President Bush’s speech was well received. He said things that we all apparently wanted to hear. That was then, when suffering was raw and the sense that many innocent people had been victimized was widely shared. That was then, when many Americans were acknowledging the possibility that race — perhaps racism — played a causal force in that victimization. That was then, when President Bush’s vulnerabilities were just becoming significant.
This is now. Today, most of the devastation remains, but its cognitive and affective significance is much reduced. Our limited attention is focused elsewhere. The size of the challenge has only come to seem greater with time, perhaps leaving us even less willing to look at it closely. The possibility that “race” matters in this country has slipped back into comfortable (for many) realm of unspeakable taboo. And President Bush’s problems have only been amplified.
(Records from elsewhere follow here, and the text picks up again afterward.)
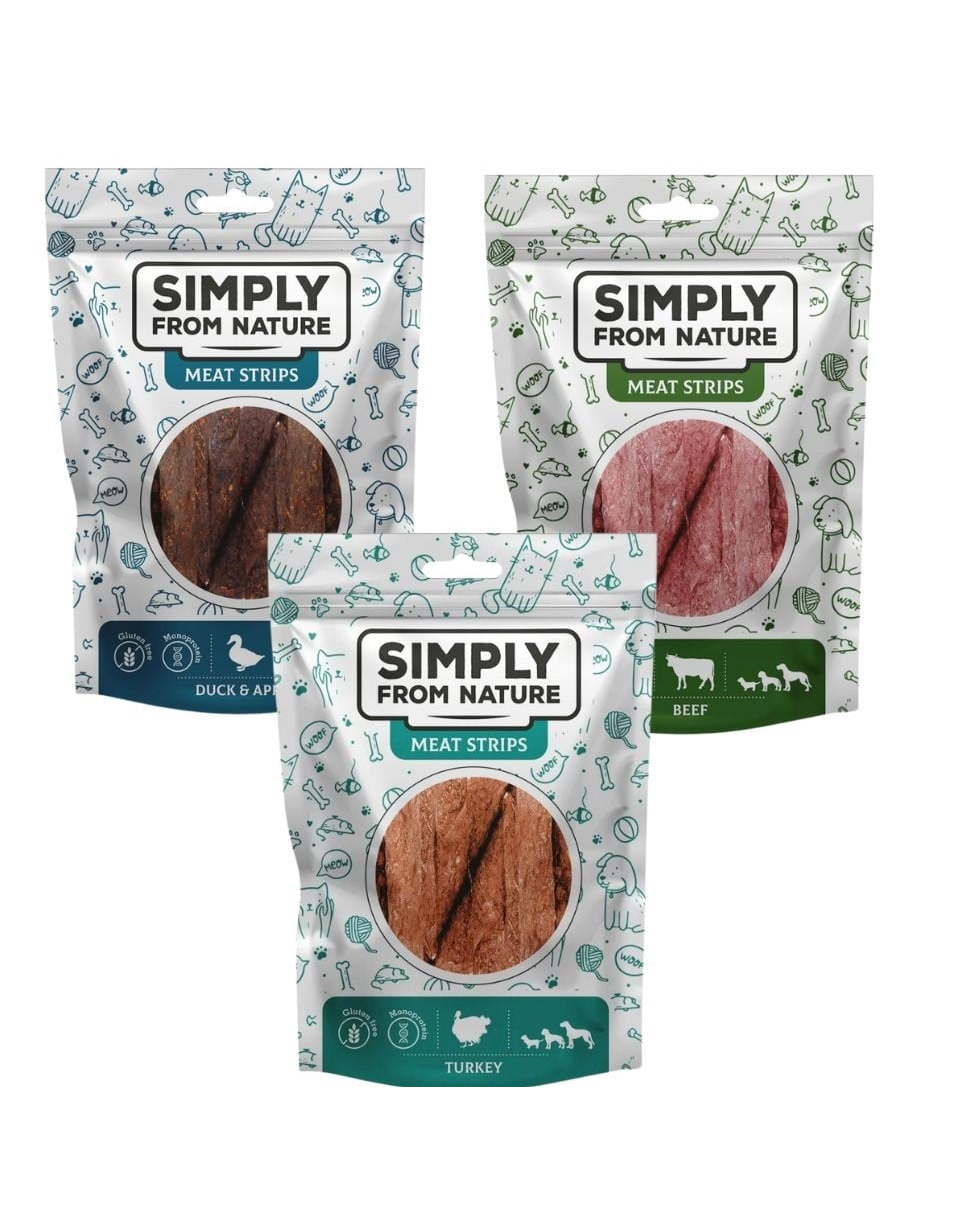 Fâșii uscate, din carne și fructe pentru câini gourmet. Fâșii de carne de la Simply from Nature ușor fragede, realizate din rață suculentă 100% și măr. Niciun câine nu poate rezista acestei combinații!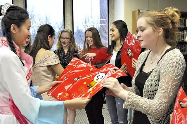 红黄蓝艺术团老师赠送给学生们中国传统福包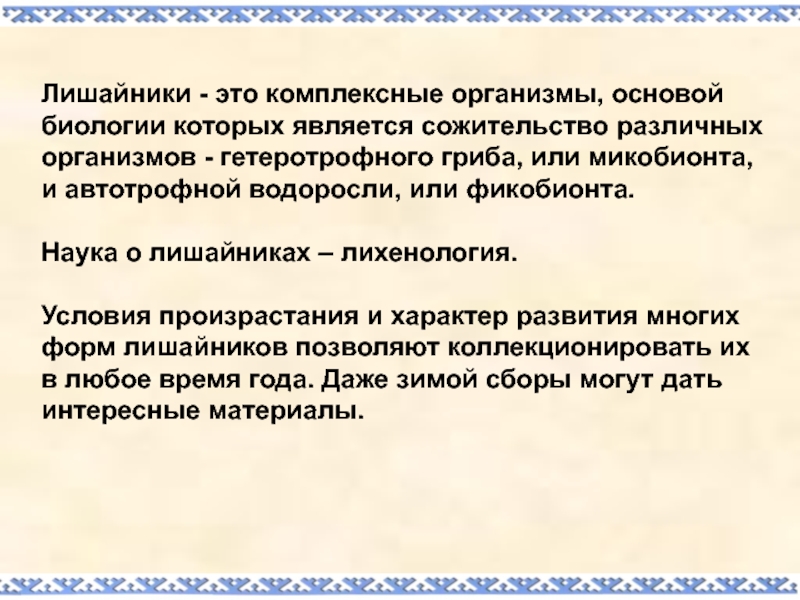 Слайд 5Лишайники - это комплексные организмы, основой биологии которых является сожительство различных

With that, our attention, our sympathy, our resources, and our commitments have all, like Katrina’s waters themselves, largely evaporated.
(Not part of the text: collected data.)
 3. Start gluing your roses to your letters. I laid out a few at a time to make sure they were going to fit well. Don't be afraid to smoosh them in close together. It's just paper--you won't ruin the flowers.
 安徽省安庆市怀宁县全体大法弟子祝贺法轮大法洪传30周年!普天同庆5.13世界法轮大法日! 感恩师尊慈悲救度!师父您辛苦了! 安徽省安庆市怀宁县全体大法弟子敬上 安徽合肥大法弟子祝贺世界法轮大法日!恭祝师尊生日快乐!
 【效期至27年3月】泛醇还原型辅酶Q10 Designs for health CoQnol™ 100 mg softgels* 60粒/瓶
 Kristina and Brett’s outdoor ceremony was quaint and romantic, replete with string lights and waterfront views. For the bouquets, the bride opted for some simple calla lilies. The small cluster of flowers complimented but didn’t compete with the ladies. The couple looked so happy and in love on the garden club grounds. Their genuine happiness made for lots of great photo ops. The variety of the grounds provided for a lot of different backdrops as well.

So what has happened and what is now happening in New Orleans since the Katrina story lost its legs? That is the question that the Kaiser Family Foundation hoped to begin to answer in their recent study and report, Giving Voice to the People of New Orleans. According to the Report,
One year after Hurricane Katrina . . . , the Kaiser Family Foundation sent a team to the New Orleans area to conduct a comprehensive in-person survey. The aim of the project: to offer residents and the reconstruction effort a window into the changing shape and changing needs of the area’s population, and to give people a channel to express their views of the rebuilding process as it moves forward. Another critical purpose of this and all of Kaiser’s work in New Orleans is to help keep the facts about the challenges still present in the city and the surrounding region before the nation.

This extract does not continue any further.